I started by cutting the top and bottom shelf frames to size. The size is the largest that I would want in terms of a tank plus enough extra that I can slide a tank in and out with no trouble. In my case I was designing for a 4 foot long nominal size tank so I made the top shelve 4 ft 6 inches long. Front to back the tank measures 12.5 inches but I wanted it to be ready for a 90 gallon that is 18 inches front to back. I made the shelf 19 inches total front to back but the frame sits under it completely so the bottom shelf needed to be smaller. The bottom shelf is only 4 ft 4 1/2 inches long and 17 inches front to back. That allows it to sit inside the legs that support the top shelf.

The bottom shelf frame is similar but I made the inner brace toward the back instead of toward the front of the shelf. If I put a small tank on the bottom shelf, I want the back edge supported so the inner brace goes where the back of that tank would be. If I put a smaller tank on the top shelf it sits toward the back so the inner brace goes toward the front to support the front edge. 
Also shown in this drawing is the location of the 2 by 2 inner legs that actually support the weight of the top tanks.

Start by deciding how big to make the stand and then develop your materials list. I have found that in general the nominal 1 inch thick wood is plenty for a typical stand if you take the trouble to use 2 pieces at right angles at each corner. These pieces serve 2 purposes. The first is to brace the inner legs so that they will stay where they are intended to be, supporting the top frame. The second is to prevent the stand racking. 
Racking is a term that refers to what happens when you have a square or rectangular object and grab opposite corners and squeeze them in to distort the squareness. You end up with a parallelogram right before the whole thing fails. In a tank stand it is what will happen if the legs are not vertical or are not braced to prevent it. The weight on the top shelf will gradually bend the legs further and further away from the vertical until the strength of the things you have used is exceeded, at which time it will fail completely in a second or less. The water cleanup alone makes bracing against the motion worth doing well. 
I made the bottom frame from 6 inch wide boards because my experience with lower shelves told me that too close to the floor was a bad idea. I never want to use legs to provide the support at the floor itself so my only way to raise that shelf was using 6 inch boards instead of 4 inch. The top frame was made with 4 inch lumber because it was strong enough and it let me have more room between shelves without having the top shelf too high. 

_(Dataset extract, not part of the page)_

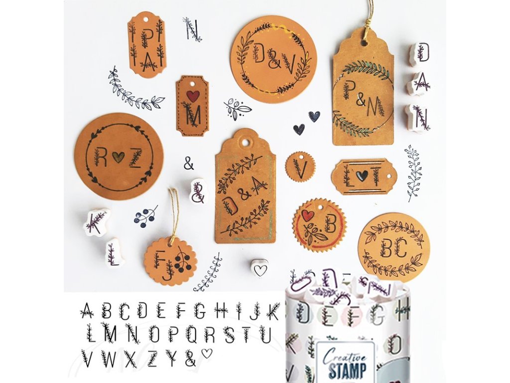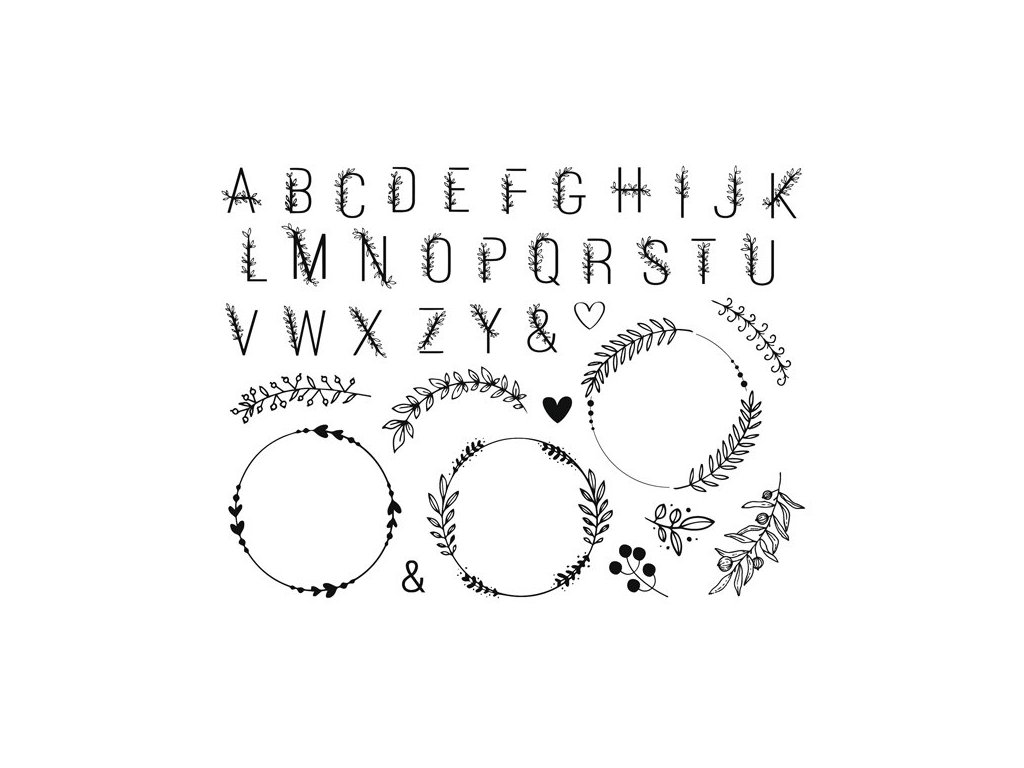 Originální sada gumových razítek - romantická abeceda a věnečky pro krásná přání, svatební oznámení a další vyrábění. Sada obsahuje 39 razítek a razítkovací poštářek černé barvy.

OK time for some real world pictures instead of drawings. I laid out the cut pieces where the stand was destined to go so that I could make sure it would fit as expected and I wouldn’t need to carry the assembled stand too far. First step was to check the floor for level and get ready to trim the bottom boards to level the stand. Because the bottom frame rests directly on the floor, there is no way to adjust a leg to level it later. If I ever move to a new house, I will need to disassemble the bottom frame and trim it to fit the new home. That’s another good reason to use 6 inch wide lumber for the bottom frame.
 


Next step was to trim the boards that make up the bottom frame so that when assembled, everything would be level. I was surprised to find how far out of level the floor was. This is a relatively modern house that seems to be well built but apparently level floors was not a major focus for the builder.

Next up was assembling the top shelf. The picture also shows the cut pieces for the bottom frame and some of the inner legs.
Next step was to trim the boards that make up the bottom frame so that when assembled, everything would be level. I was surprised to find how far out of level the floor was. This is a relatively modern house that seems to be well built but apparently level floors was not a major focus for the builder.

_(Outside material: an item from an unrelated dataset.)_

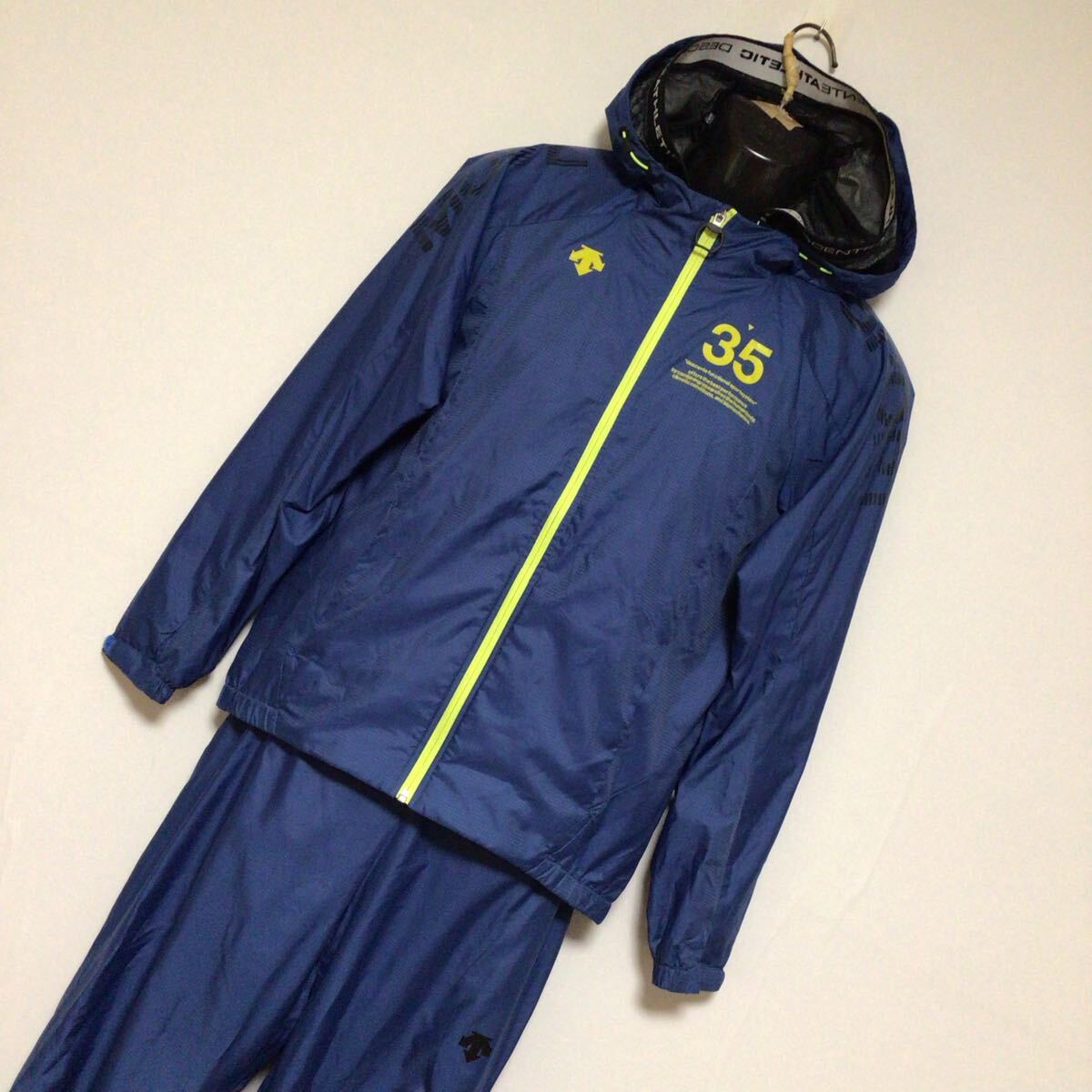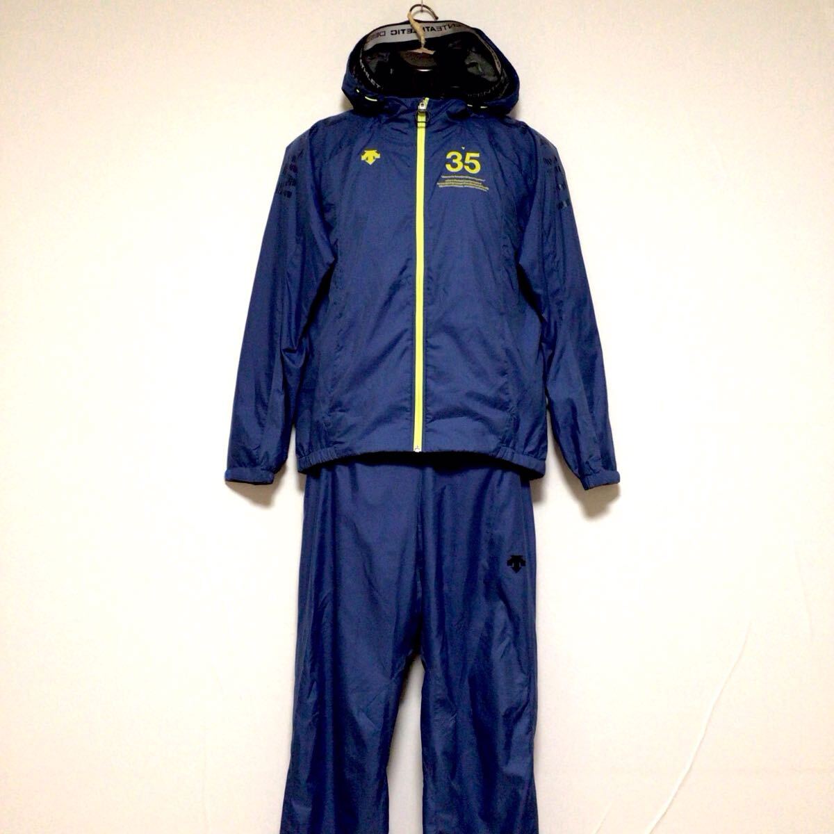 デサントムーブスポーツウインドブレーカー上下セットになります。しっかりとした薄手のポリエステル生地、ロゴプリントが施されております。目立った大きなダメージも無く状態良好です。とてもオシャレな作りとなっておりますので是非オススメです。

Next up was assembling the top shelf. The picture also shows the cut pieces for the bottom frame and some of the inner legs.
Next step was to trim the boards that make up the bottom frame so that when assembled, everything would be level. I was surprised to find how far out of level the floor was. This is a relatively modern house that seems to be well built but apparently level floors was not a major focus for the builder.

Next up was assembling the top shelf. The picture also shows the cut pieces for the bottom frame and some of the inner legs.

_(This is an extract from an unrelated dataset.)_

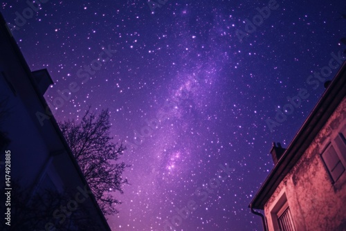 © Sarinya, Fototapeta premium Milky Way over Rooftops at Night, Low Angle, Purple Sky, Starry Sky, Long Exposure, Urban Nightscape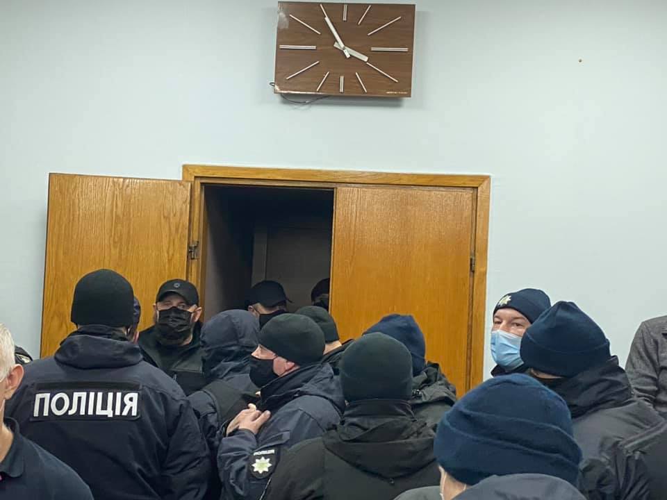 Ранее сегодня в сессионном зале облсовета на удалось собрать кворум для проведения сессии. После этого часть депутатов под прикрытием неизвестных в масках и полиции заняла зал № 300 областного совета, где и провели заседание.

The legs are assembled from 3 pieces each. They have a 1 by 6 and a 1 by 3 wrapped around a 2 by 2. Since the 1 inch lumber goes from almost the floor to just under the top shelf it is longer than the 2 inch lumber that is pinched between the top frame and the bottom shelf. This leg is shown with the notch for the bottom shelf on the left and the notch for the top frame on the right. If I did it again, I would cut the outer leg braces to custom lengths so that all of them would look the same distance from the floor when the stand was done. 

The joint between the 2 pieces of 1 inch lumber are made stronger by fitting them to each other as shown here. Note: The legs on the right and on the left are not the same as each other, they are mirror copies of each other. The front and back legs on a side are identical but of course that means they wrap the frame differently. 

Next step was to put the surface boards onto the bottom shelf. This gives the legs a place to rest on the bottom since they do not quite reach the floor. Shelf material is shown in place. I usually use ¾ inch plywood to top this basic design. On this one I used 1 inch thick boards, actually ¾ inch, because I realized that if I used plywood I would need a full sheet and about half of it would have been waste material. If you look closely you can tell that the bottom frame gets shorter from left to right. The floor was actually that far out. You can see legs standing around and the top frame is visible at the far right of the picture.

Once I had the pieces of the frame built it was time to do a dry fit of the parts and make sure everything was going to fit and both shelves would be level. This picture is not really in sequence but shows what the stand looks like when the legs are attached to the bottom frame and then what it looks like once fully assembled. You can see in the fully assembled picture how far the legs are off the floor. The width of the outer legs lets me space the screws far enough apart that racking is prevented. It is sort of like having a short diagonal brace. 



In reality, I fully assembled the stand and checked for fit, then removed the top shelf and frame to make painting easier. I had no desire to crawl around on the bottom shelf trying to paint the bottom of the top shelf. 

The color was my choice and would probably suit nobody else but I wanted it dark and easy to keep clean. This is what it looked like after the first coat of paint and then after being reassembled.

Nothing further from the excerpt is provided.